**Supplied material:**
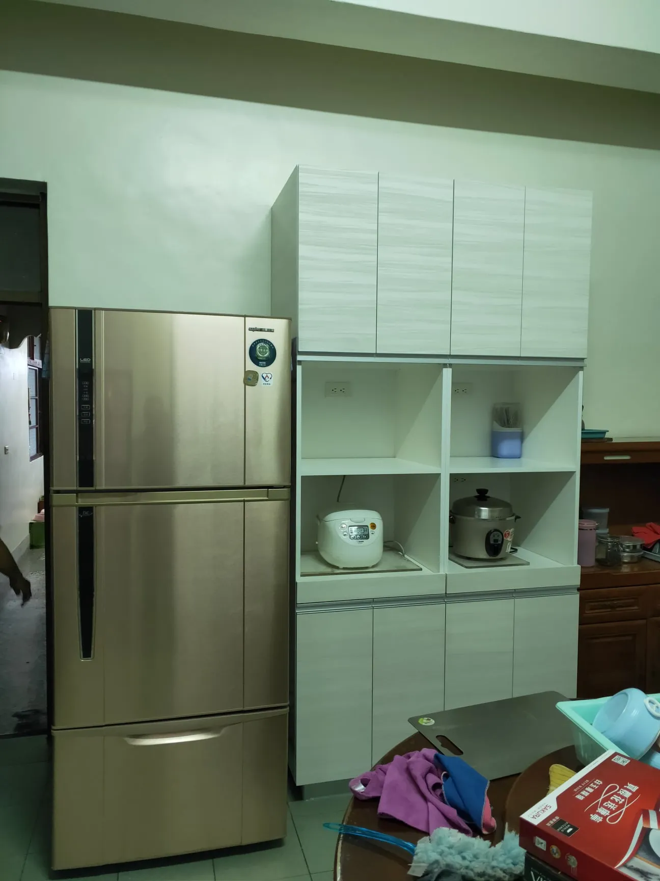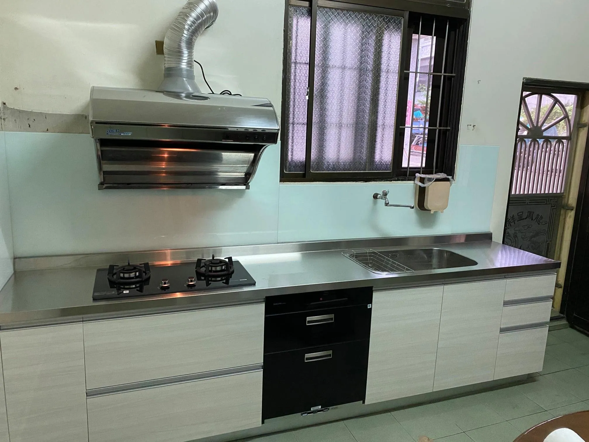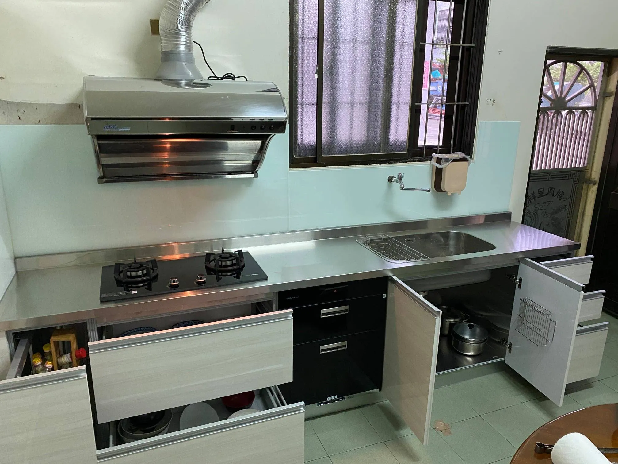 黃小姐因為瓦斯爐故障來店面請我們到府維修,因瓦斯爐主體結構生鏽嚴重、爐頭使用10幾年有些許變形,經過建議及溝通選擇更換廚具,因為家中剩下自己和先生2人,希望在有限的預算更換收納性高的廚具,因此檯面選擇耐用的不鏽鋼,又因為喜歡料理電器配備多到沒地方擺放,所以多做了2組電器櫃讓電器們都有自己的家。
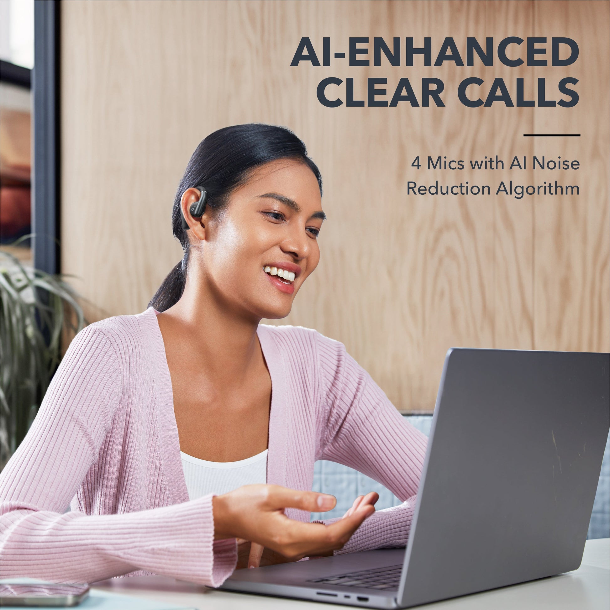 - 4 mics and an AI algorithm for crisp, clear calls.
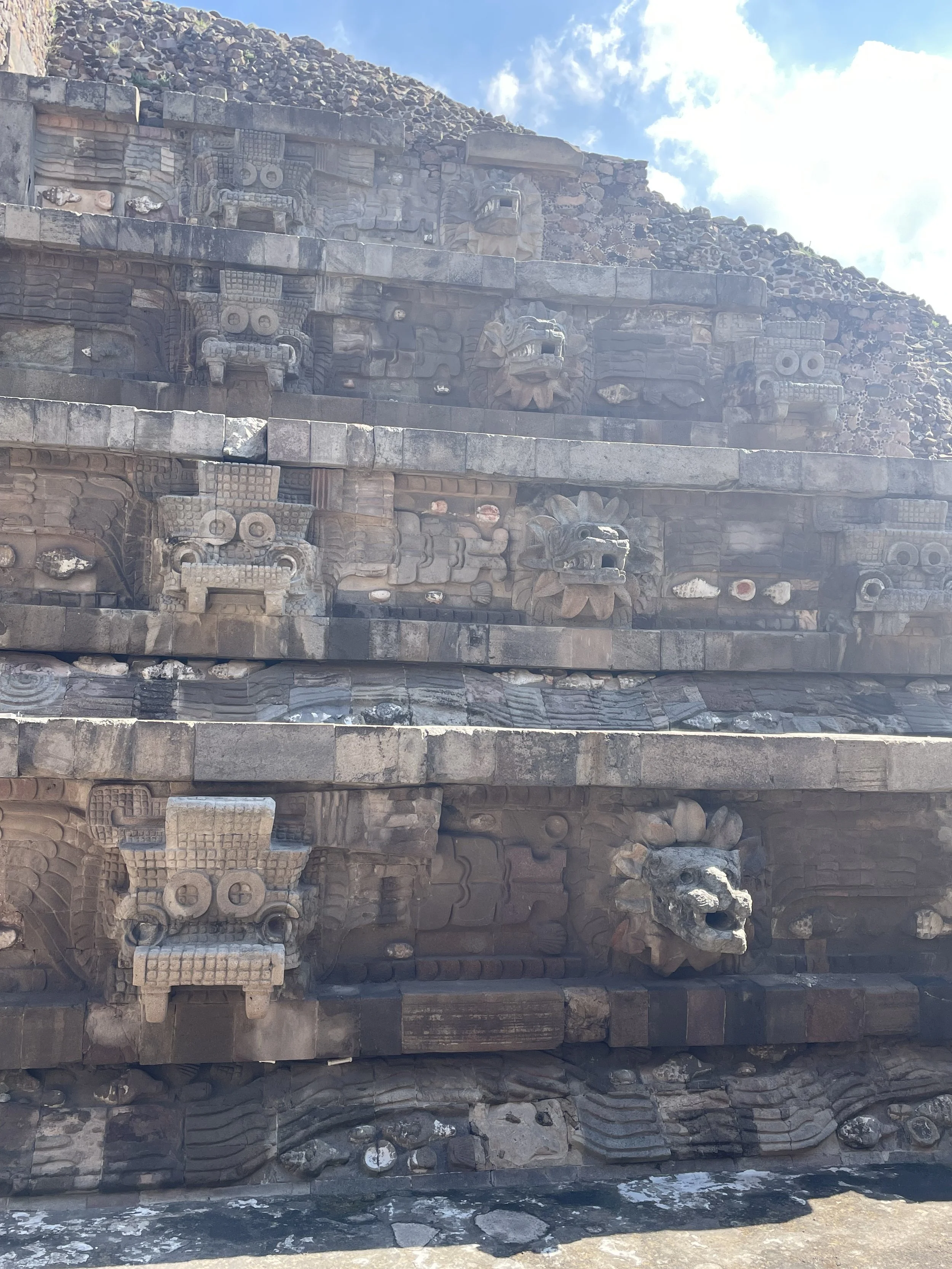 I woke from a dream last night about Quetzalcóatl, a Mayan and Aztec God also known as “the Feathered Serpent.” There’s a sacred temple built just for him and is the only pyramid in Teotihuacán (which translates as “the place where men become gods"), that has stone heads built in. It was also the first temple we saw and got to intimately visit with upon our arrival. While we were visiting the pyramids, my group had a miraculous opportunity to learn more about this specific pyramid. We learned that it is believed to be one of the only pyramids where no human sacrifices were made, as they have not yet found any human remains inside this pyramid. Further more, it is believed that this might have been a place where the ancient people believed all life was birthed and where people came to lay their offerings, engage in rituals and pay their respects to the goddesses. They’ve found ancient artifacts in here that are over 2,000 years old and I might have even got to see one up close and personal…

**Exercise aim:**
Give the data again exactly, without pictures.

**Answer space:**
 黃小姐因為瓦斯爐故障來店面請我們到府維修,因瓦斯爐主體結構生鏽嚴重、爐頭使用10幾年有些許變形,經過建議及溝通選擇更換廚具,因為家中剩下自己和先生2人,希望在有限的預算更換收納性高的廚具,因此檯面選擇耐用的不鏽鋼,又因為喜歡料理電器配備多到沒地方擺放,所以多做了2組電器櫃讓電器們都有自己的家。
 - 4 mics and an AI algorithm for crisp, clear calls.
 I woke from a dream last night about Quetzalcóatl, a Mayan and Aztec God also known as “the Feathered Serpent.” There’s a sacred temple built just for him and is the only pyramid in Teotihuacán (which translates as “the place where men become gods"), that has stone heads built in. It was also the first temple we saw and got to intimately visit with upon our arrival. While we were visiting the pyramids, my group had a miraculous opportunity to learn more about this specific pyramid. We learned that it is believed to be one of the only pyramids where no human sacrifices were made, as they have not yet found any human remains inside this pyramid. Further more, it is believed that this might have been a place where the ancient people believed all life was birthed and where people came to lay their offerings, engage in rituals and pay their respects to the goddesses. They’ve found ancient artifacts in here that are over 2,000 years old and I might have even got to see one up close and personal…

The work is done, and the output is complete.